When I first started this blog, I anticipated writing more posts about fiction, understood from a Christian worldview. As it’s happened, I’ve ended up writing more posts about the Christian worldview than I do about fiction. And what better time to do so. I mean, Christmas is not exclusively a religious holiday, but it nevertheless does have religious significance. And not just religious. Christian meaning!
We aren’t celebrating the birth of any old god. Rather, Christmas rivets our attention on Jesus, the Christ, who entered the world as a baby.
The first miraculous part of His coming was His conception. His mother Mary was a virgin. Clearly anyone reading the Christmas story must question this. I mean, how many virgins do we know who get pregnant?
Interestingly, C. S. Lewis addresses this very subject in his book Miracles. This volume is much more of an apologetic for God and His work in the world than I had realized. As an aside, I can see more clearly why Philip Pullman, author of His Dark Materials, called himself the anti-Lewis. But because Lewis had himself been an atheist, he could anticipate the arguments an atheist would make against the Supernatural.
Unsurprisingly, the miracle Lewis refers to with some frequency is the virgin birth. Here are some of his thoughts in answer to the common atheist argument that people of old believed in miracles because they didn’t have the scientific knowledge we have now.

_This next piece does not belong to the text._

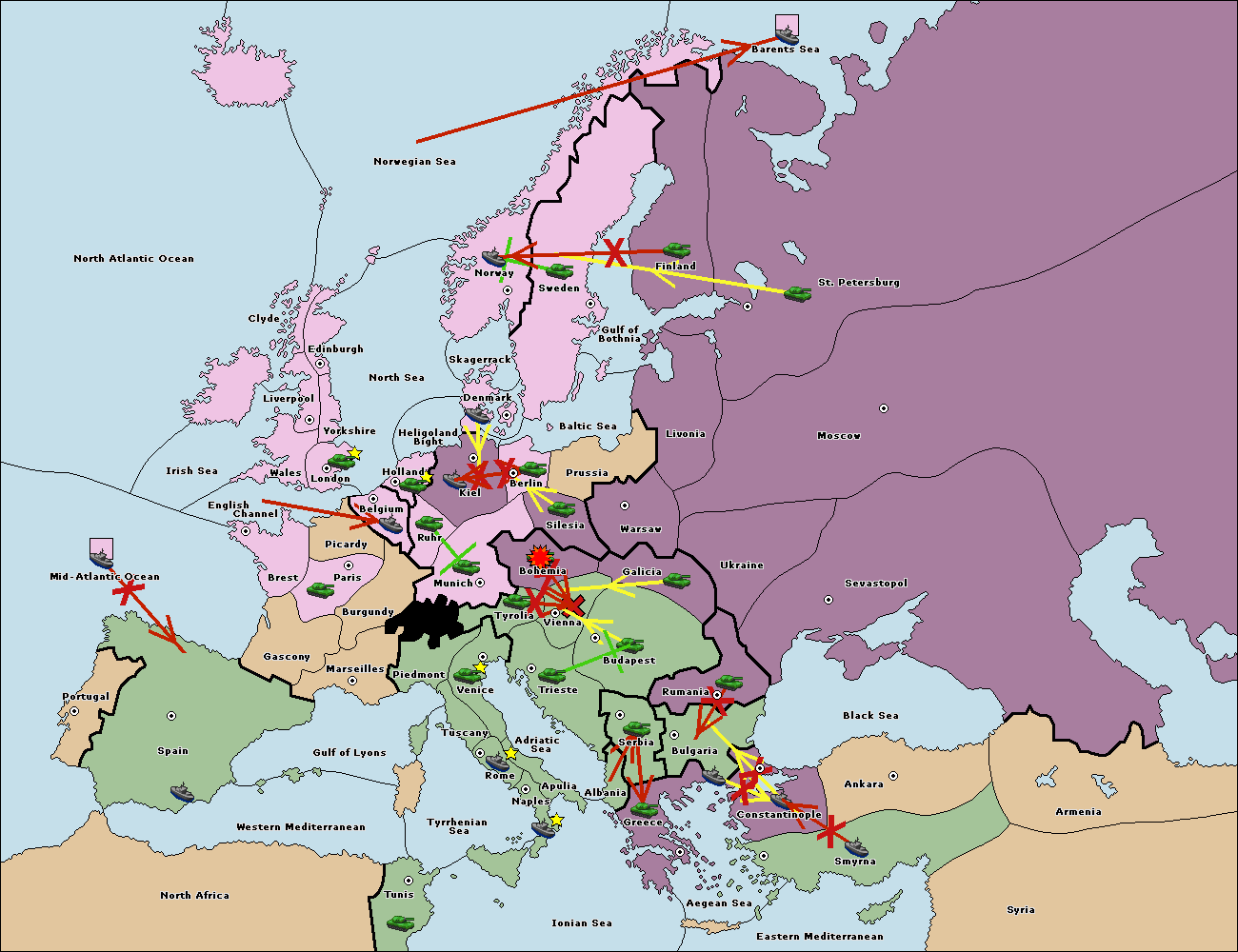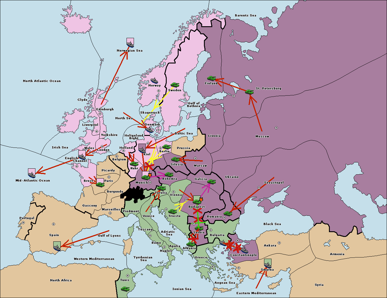 The fleet at Bulgaria (South Coast) support move to Constantinople from Smyrna.

You will hear people say, “The early Christians believed that Christ was the son of a virgin, but we know that this is a scientific impossibility.” Such people seem to have an idea that belief in miracles arose at a period when men were so ignorant of the course of nature that they did not perceive a miracle to be contrary to it. A moment’s thought shows this to be nonsense: and the story of the Virgin Birth is a particularly striking example. When St. Joseph discovered that his fiancé was going to have a baby, he not unnaturally decided to repudiate her. Why? Because he knew just as well as any modern gynecologist that in the ordinary course of nature women do not have babies unless they have lain with men. … When St. Joseph finally accepted the view that his fiancé’s pregnancy was due not to unchastity but to a miracle, he accepted the miracle as something contrary to the known order of nature. All records of miracles teach the same thing. In such stories the miracles excite fear and wonder (that is what the very word miracle implies) among spectators, and are taken as evidence of supernatural power. If they were not known to be contrary to the laws of nature how could they suggest the presence of the supernatural? How could they be surprising unless they were seen to be exceptions to the rules? And how can anything be seen to be an exception till the rules are known? … If St. Joseph had lacked faith to trust God or humility to perceive the holiness of his spouse, he could have disbelieved in the miraculous origin of her Son as easily as any modern man; and any modern man who believes in God can accept the miracle as easily as St. Joseph did.
Good stuff, important to recall when we are approaching the celebration of the Incarnation. At every turn concerning Christ’s birth, there was a miracle. It’s helpful to remember that the things which seem impossible are impossible, except for God who can do the impossible.
This post was inspired by one that appeared here in December, 2007.